When mode = frozen, do not require workingDir/.improve/summary.json or workingDir/.memory-consolidation/consolidation_record.json; those phases are skipped by contract.

Do NOT include any goal-kind-specific assertions. The harness owns goal-kind enforcement (e.g. domain-specific solution payloads). The plugin verifies only its own seven generic phase artifacts.

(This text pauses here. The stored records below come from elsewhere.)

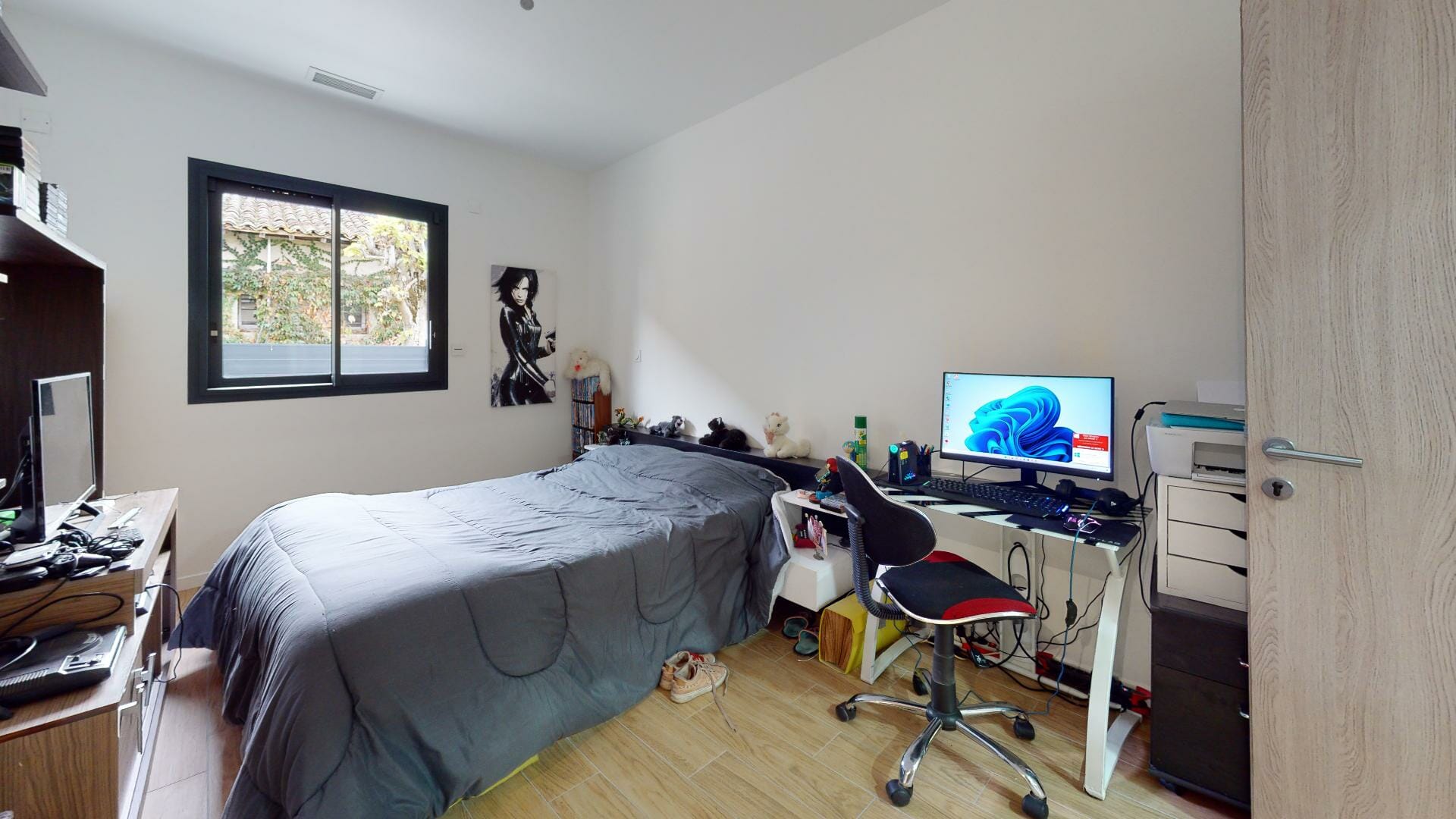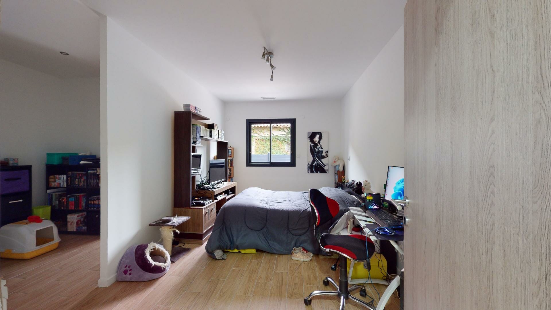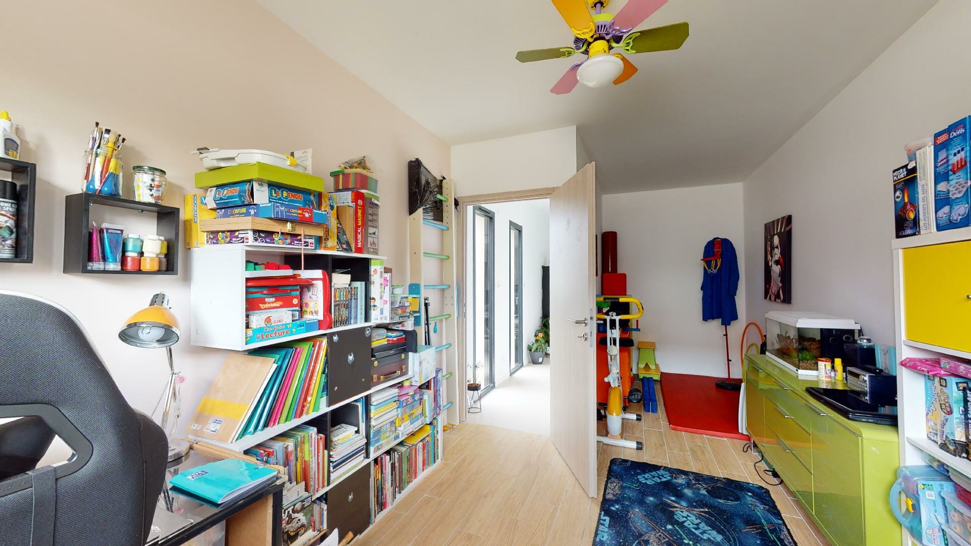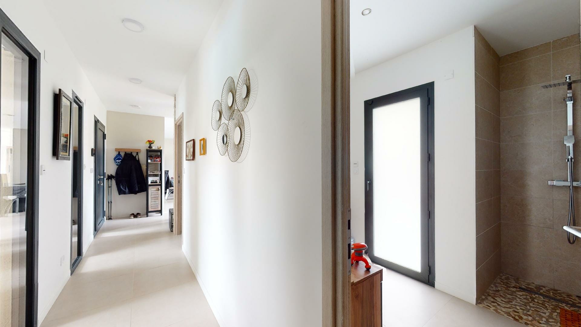 En continuité du séjour, une zone de dégagement menant à un bureau pouvant servir de 4eme chambre.
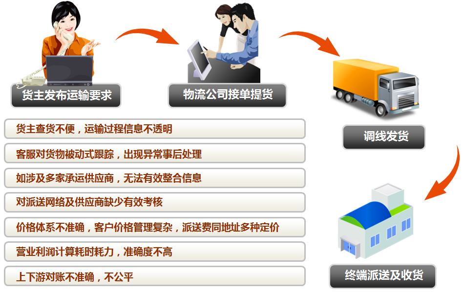 1、企业的高速发展使老式的信息系统无法配合复杂的综合物流业务,员工职责划分不明确,没有完善的管理流程及货物处理流程,造成管理效率低下,业务无法顺利扩展; 2、外站驻场员工预运单录入无法及时准确录入系统,总部和外站货物订单信息不同步。节点货物信息无法自动推送短信、微信通知,并且对签收信息无法自动获取。 3、内部信息孤岛严重,空运、陆运、供应链项目独立运作无法统一控制,货物异常率高,客服人员被动式查货,工作效率低,无法进行客户维护及售后服务,客户流失率高;货物异常率高,信息不畅,无法追根溯源找到责任人,导致企业负担大量赔偿款项;
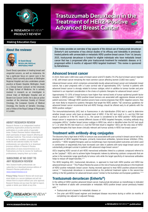 This review provides an overview of key aspects of the clinical use of trastuzumab deruxtecan (Enhertu®) and summaries of key clinical studies of its efficacy and tolerability in previously treated patients with unresectable or metastatic HER2-positive breast cancer. From 1st January 2025, trastuzumab deruxtecan is funded for eligible individuals who have metastatic breast cancer that has: i) progressed after prior trastuzumab treatment for metastatic disease; or ii) progressed within 6 months of adjuvant HER2-targeted treatment. This review is sponsored by AstraZeneca.
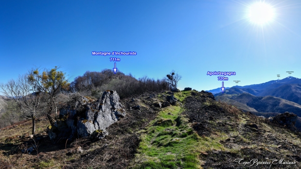 Vous êtes sur la commune d’Haux, sur la montagne d’Intchouriste, culminant à 720m mètres. Le sommet offre un magnifique point de vue sur le village de Haux, ainsi que sur la partie haute de la vallée du gave (Le Saison) et sur les Pyrénées basques et béarnaises.

When the pipeline finishes — whether all sections completed cleanly, an abort signal fired, or a section reported failure — return. Never modify anything outside implStateDir/** or workingDir/**.

11. Failure handling

Within Execute (section 6): that section judges continue / retry-step / replan / abort per its own rules.
Execute reporting abort is not a pipeline-level abort — continue to Debrief and, in train mode only, Improve / Memory consolidation so partial work is analyzed and curated. The Execute section writes workingDir/.errors/execute.json itself.
Other sections: if a section reports a hard problem, write workingDir/.errors/<phase>.json and abort the pipeline. In train mode, still run section 9 (Memory consolidation) so partial work gets curated. In frozen mode, do not run section 9.
Abort signal fired (deadline reached): stop the current section cleanly, write workingDir/.errors/abort.json, and return. In train mode, run section 9 first if there is enough time and doing so does not violate the abort signal. In frozen mode, do not run section 9.

Cross-reference

Pipeline + artifacts: docs/superpowers/specs/2026-04-23-default-learning-restorer-design.md v1.1.
Plugin layout: docs/superpowers/specs/2026-05-06-claude-code-learner-plugin-simplification-design.md v1.1.